(Beginning of Records supplied)

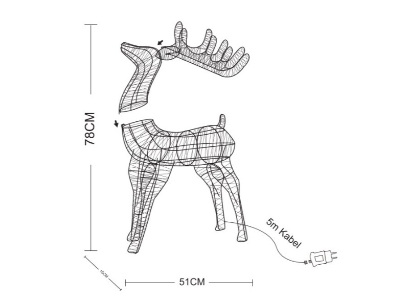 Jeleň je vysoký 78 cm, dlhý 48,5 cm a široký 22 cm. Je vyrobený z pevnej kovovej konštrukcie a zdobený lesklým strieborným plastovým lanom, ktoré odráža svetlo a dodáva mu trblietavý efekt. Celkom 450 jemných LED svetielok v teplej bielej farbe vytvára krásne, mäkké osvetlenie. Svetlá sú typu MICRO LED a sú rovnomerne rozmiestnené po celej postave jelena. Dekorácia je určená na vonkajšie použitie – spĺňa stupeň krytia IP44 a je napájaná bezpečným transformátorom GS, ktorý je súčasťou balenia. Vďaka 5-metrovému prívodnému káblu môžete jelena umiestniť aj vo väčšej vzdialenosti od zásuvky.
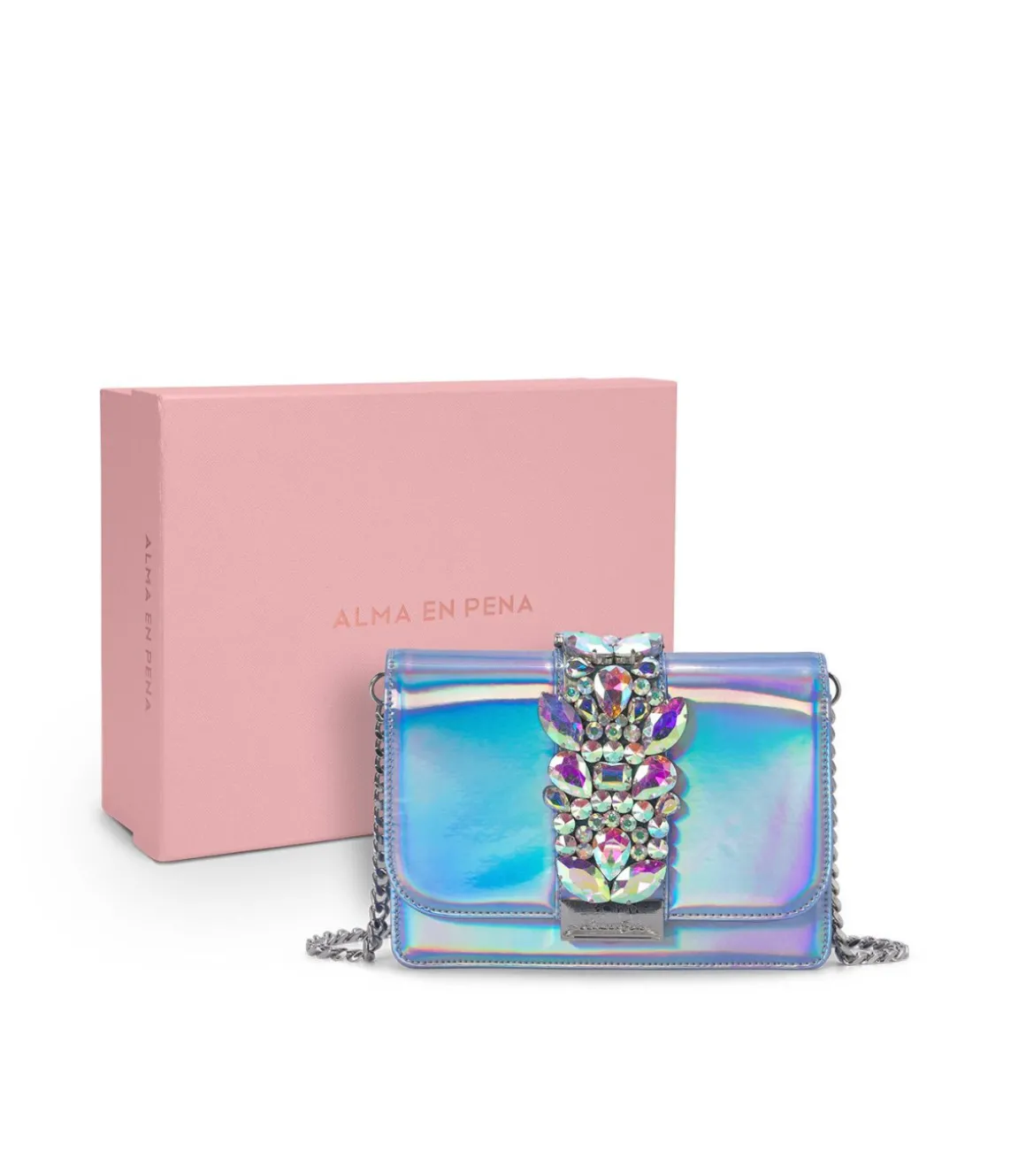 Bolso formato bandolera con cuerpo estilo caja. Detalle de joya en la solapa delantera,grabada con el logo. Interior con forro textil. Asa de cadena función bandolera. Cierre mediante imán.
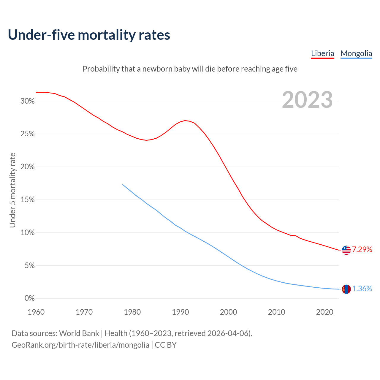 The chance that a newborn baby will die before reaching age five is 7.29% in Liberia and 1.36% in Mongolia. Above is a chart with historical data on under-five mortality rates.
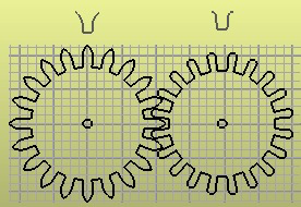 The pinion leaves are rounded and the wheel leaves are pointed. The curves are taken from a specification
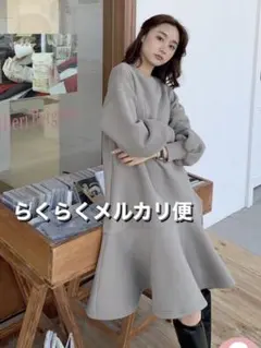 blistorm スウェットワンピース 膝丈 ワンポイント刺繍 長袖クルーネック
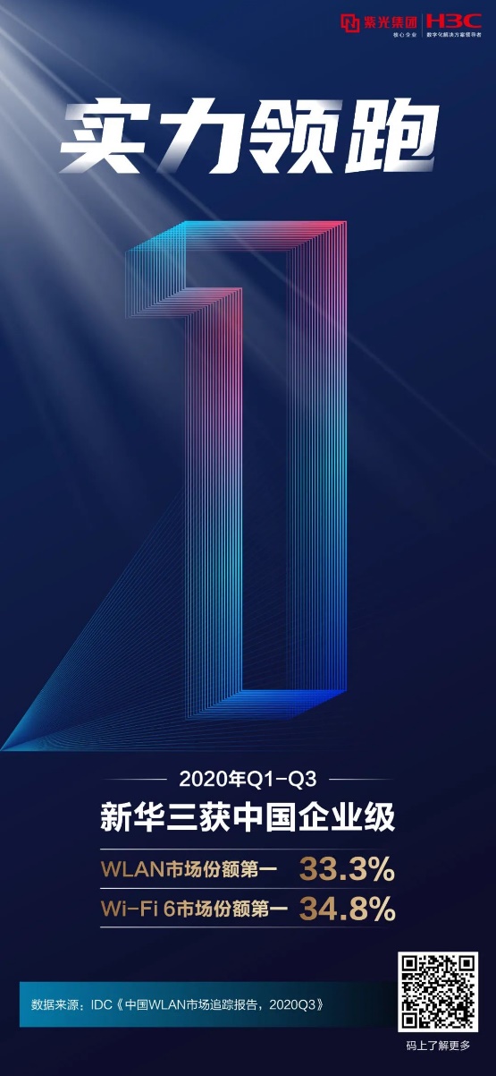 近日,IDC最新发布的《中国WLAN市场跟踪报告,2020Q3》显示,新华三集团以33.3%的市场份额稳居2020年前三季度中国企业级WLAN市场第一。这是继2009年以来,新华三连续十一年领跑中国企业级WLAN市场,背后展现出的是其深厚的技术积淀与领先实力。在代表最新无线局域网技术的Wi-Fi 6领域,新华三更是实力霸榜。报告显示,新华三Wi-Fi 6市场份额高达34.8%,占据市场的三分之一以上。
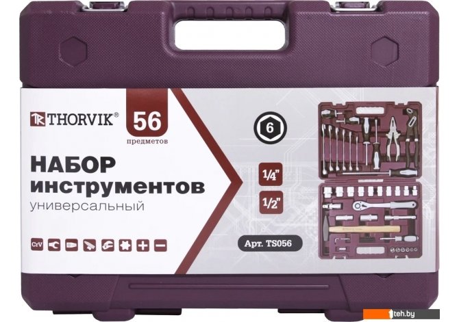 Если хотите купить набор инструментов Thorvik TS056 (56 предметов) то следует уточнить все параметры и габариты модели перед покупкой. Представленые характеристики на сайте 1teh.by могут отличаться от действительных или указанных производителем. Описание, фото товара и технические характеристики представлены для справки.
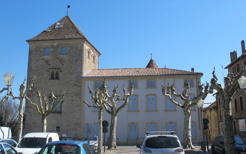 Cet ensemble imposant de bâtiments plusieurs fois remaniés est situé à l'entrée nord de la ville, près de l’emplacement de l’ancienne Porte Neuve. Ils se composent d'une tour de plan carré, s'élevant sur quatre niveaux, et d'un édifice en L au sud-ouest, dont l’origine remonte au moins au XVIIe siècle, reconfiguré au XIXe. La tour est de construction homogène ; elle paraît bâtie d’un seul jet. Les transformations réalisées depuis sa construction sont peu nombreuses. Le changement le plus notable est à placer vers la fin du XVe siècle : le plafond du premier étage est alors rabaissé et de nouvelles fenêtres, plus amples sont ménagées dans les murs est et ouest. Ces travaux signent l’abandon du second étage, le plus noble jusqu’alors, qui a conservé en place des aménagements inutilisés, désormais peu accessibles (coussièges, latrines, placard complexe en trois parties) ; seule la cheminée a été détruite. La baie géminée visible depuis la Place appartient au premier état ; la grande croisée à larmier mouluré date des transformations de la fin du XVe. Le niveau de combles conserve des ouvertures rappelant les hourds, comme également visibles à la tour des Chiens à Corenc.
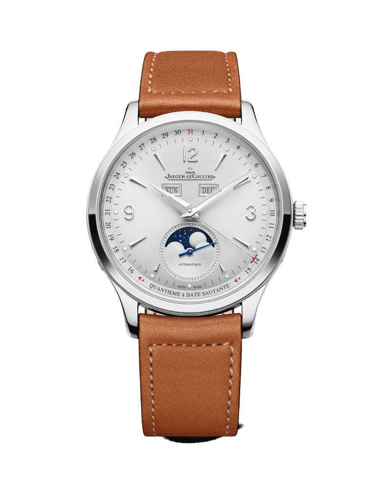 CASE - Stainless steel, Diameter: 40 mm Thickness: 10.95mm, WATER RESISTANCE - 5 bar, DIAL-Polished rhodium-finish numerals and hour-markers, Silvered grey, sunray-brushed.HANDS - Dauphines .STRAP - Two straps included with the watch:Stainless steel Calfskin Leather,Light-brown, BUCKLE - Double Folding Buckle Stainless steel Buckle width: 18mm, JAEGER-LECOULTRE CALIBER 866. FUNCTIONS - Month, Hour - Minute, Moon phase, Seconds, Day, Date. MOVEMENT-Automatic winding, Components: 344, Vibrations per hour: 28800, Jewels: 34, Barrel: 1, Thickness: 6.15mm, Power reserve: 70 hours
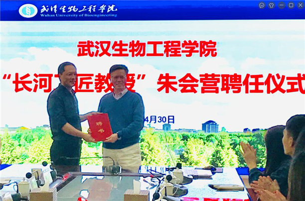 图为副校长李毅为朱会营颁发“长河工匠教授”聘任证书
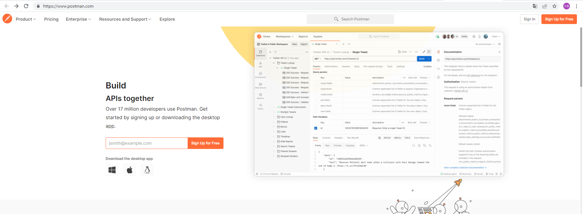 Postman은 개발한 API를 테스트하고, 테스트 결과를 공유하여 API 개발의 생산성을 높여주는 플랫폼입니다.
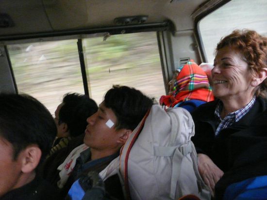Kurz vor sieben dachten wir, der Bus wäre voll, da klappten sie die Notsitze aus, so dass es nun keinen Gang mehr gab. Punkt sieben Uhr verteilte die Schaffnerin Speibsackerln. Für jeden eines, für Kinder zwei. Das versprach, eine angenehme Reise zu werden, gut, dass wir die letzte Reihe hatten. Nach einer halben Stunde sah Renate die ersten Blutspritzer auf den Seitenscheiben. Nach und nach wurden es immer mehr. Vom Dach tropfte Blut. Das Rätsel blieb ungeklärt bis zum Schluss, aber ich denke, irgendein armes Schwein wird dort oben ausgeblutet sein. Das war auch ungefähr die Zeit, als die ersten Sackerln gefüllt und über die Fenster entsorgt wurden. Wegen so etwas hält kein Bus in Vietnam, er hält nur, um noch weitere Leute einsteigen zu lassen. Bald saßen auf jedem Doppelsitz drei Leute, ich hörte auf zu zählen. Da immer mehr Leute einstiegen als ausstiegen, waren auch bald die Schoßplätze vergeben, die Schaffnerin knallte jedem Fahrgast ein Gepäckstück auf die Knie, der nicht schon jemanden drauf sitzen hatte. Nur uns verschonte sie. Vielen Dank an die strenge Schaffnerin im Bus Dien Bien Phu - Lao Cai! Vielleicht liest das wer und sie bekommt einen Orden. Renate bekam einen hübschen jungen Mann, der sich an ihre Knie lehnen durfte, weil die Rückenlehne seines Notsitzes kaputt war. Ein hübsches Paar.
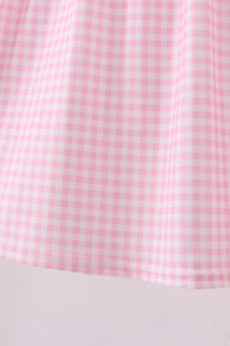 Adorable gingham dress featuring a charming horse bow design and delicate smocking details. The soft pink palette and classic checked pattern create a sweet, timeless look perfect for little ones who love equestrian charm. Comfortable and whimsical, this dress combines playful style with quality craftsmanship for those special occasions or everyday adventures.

(End of Records supplied)

- [Exercise requirements] Only the text of the entries belongs in the answer, copied exactly; the pictures stay out.

- [Solution for this exercise]
 Jeleň je vysoký 78 cm, dlhý 48,5 cm a široký 22 cm. Je vyrobený z pevnej kovovej konštrukcie a zdobený lesklým strieborným plastovým lanom, ktoré odráža svetlo a dodáva mu trblietavý efekt. Celkom 450 jemných LED svetielok v teplej bielej farbe vytvára krásne, mäkké osvetlenie. Svetlá sú typu MICRO LED a sú rovnomerne rozmiestnené po celej postave jelena. Dekorácia je určená na vonkajšie použitie – spĺňa stupeň krytia IP44 a je napájaná bezpečným transformátorom GS, ktorý je súčasťou balenia. Vďaka 5-metrovému prívodnému káblu môžete jelena umiestniť aj vo väčšej vzdialenosti od zásuvky.
 Bolso formato bandolera con cuerpo estilo caja. Detalle de joya en la solapa delantera,grabada con el logo. Interior con forro textil. Asa de cadena función bandolera. Cierre mediante imán.
 The chance that a newborn baby will die before reaching age five is 7.29% in Liberia and 1.36% in Mongolia. Above is a chart with historical data on under-five mortality rates.
 The pinion leaves are rounded and the wheel leaves are pointed. The curves are taken from a specification
 blistorm スウェットワンピース 膝丈 ワンポイント刺繍 長袖クルーネック
 近日,IDC最新发布的《中国WLAN市场跟踪报告,2020Q3》显示,新华三集团以33.3%的市场份额稳居2020年前三季度中国企业级WLAN市场第一。这是继2009年以来,新华三连续十一年领跑中国企业级WLAN市场,背后展现出的是其深厚的技术积淀与领先实力。在代表最新无线局域网技术的Wi-Fi 6领域,新华三更是实力霸榜。报告显示,新华三Wi-Fi 6市场份额高达34.8%,占据市场的三分之一以上。
 Если хотите купить набор инструментов Thorvik TS056 (56 предметов) то следует уточнить все параметры и габариты модели перед покупкой. Представленые характеристики на сайте 1teh.by могут отличаться от действительных или указанных производителем. Описание, фото товара и технические характеристики представлены для справки.
 Cet ensemble imposant de bâtiments plusieurs fois remaniés est situé à l'entrée nord de la ville, près de l’emplacement de l’ancienne Porte Neuve. Ils se composent d'une tour de plan carré, s'élevant sur quatre niveaux, et d'un édifice en L au sud-ouest, dont l’origine remonte au moins au XVIIe siècle, reconfiguré au XIXe. La tour est de construction homogène ; elle paraît bâtie d’un seul jet. Les transformations réalisées depuis sa construction sont peu nombreuses. Le changement le plus notable est à placer vers la fin du XVe siècle : le plafond du premier étage est alors rabaissé et de nouvelles fenêtres, plus amples sont ménagées dans les murs est et ouest. Ces travaux signent l’abandon du second étage, le plus noble jusqu’alors, qui a conservé en place des aménagements inutilisés, désormais peu accessibles (coussièges, latrines, placard complexe en trois parties) ; seule la cheminée a été détruite. La baie géminée visible depuis la Place appartient au premier état ; la grande croisée à larmier mouluré date des transformations de la fin du XVe. Le niveau de combles conserve des ouvertures rappelant les hourds, comme également visibles à la tour des Chiens à Corenc.
 CASE - Stainless steel, Diameter: 40 mm Thickness: 10.95mm, WATER RESISTANCE - 5 bar, DIAL-Polished rhodium-finish numerals and hour-markers, Silvered grey, sunray-brushed.HANDS - Dauphines .STRAP - Two straps included with the watch:Stainless steel Calfskin Leather,Light-brown, BUCKLE - Double Folding Buckle Stainless steel Buckle width: 18mm, JAEGER-LECOULTRE CALIBER 866. FUNCTIONS - Month, Hour - Minute, Moon phase, Seconds, Day, Date. MOVEMENT-Automatic winding, Components: 344, Vibrations per hour: 28800, Jewels: 34, Barrel: 1, Thickness: 6.15mm, Power reserve: 70 hours
 图为副校长李毅为朱会营颁发“长河工匠教授”聘任证书
 Postman은 개발한 API를 테스트하고, 테스트 결과를 공유하여 API 개발의 생산성을 높여주는 플랫폼입니다.
Kurz vor sieben dachten wir, der Bus wäre voll, da klappten sie die Notsitze aus, so dass es nun keinen Gang mehr gab. Punkt sieben Uhr verteilte die Schaffnerin Speibsackerln. Für jeden eines, für Kinder zwei. Das versprach, eine angenehme Reise zu werden, gut, dass wir die letzte Reihe hatten. Nach einer halben Stunde sah Renate die ersten Blutspritzer auf den Seitenscheiben. Nach und nach wurden es immer mehr. Vom Dach tropfte Blut. Das Rätsel blieb ungeklärt bis zum Schluss, aber ich denke, irgendein armes Schwein wird dort oben ausgeblutet sein. Das war auch ungefähr die Zeit, als die ersten Sackerln gefüllt und über die Fenster entsorgt wurden. Wegen so etwas hält kein Bus in Vietnam, er hält nur, um noch weitere Leute einsteigen zu lassen. Bald saßen auf jedem Doppelsitz drei Leute, ich hörte auf zu zählen. Da immer mehr Leute einstiegen als ausstiegen, waren auch bald die Schoßplätze vergeben, die Schaffnerin knallte jedem Fahrgast ein Gepäckstück auf die Knie, der nicht schon jemanden drauf sitzen hatte. Nur uns verschonte sie. Vielen Dank an die strenge Schaffnerin im Bus Dien Bien Phu - Lao Cai! Vielleicht liest das wer und sie bekommt einen Orden. Renate bekam einen hübschen jungen Mann, der sich an ihre Knie lehnen durfte, weil die Rückenlehne seines Notsitzes kaputt war. Ein hübsches Paar.
 Adorable gingham dress featuring a charming horse bow design and delicate smocking details. The soft pink palette and classic checked pattern create a sweet, timeless look perfect for little ones who love equestrian charm. Comfortable and whimsical, this dress combines playful style with quality craftsmanship for those special occasions or everyday adventures.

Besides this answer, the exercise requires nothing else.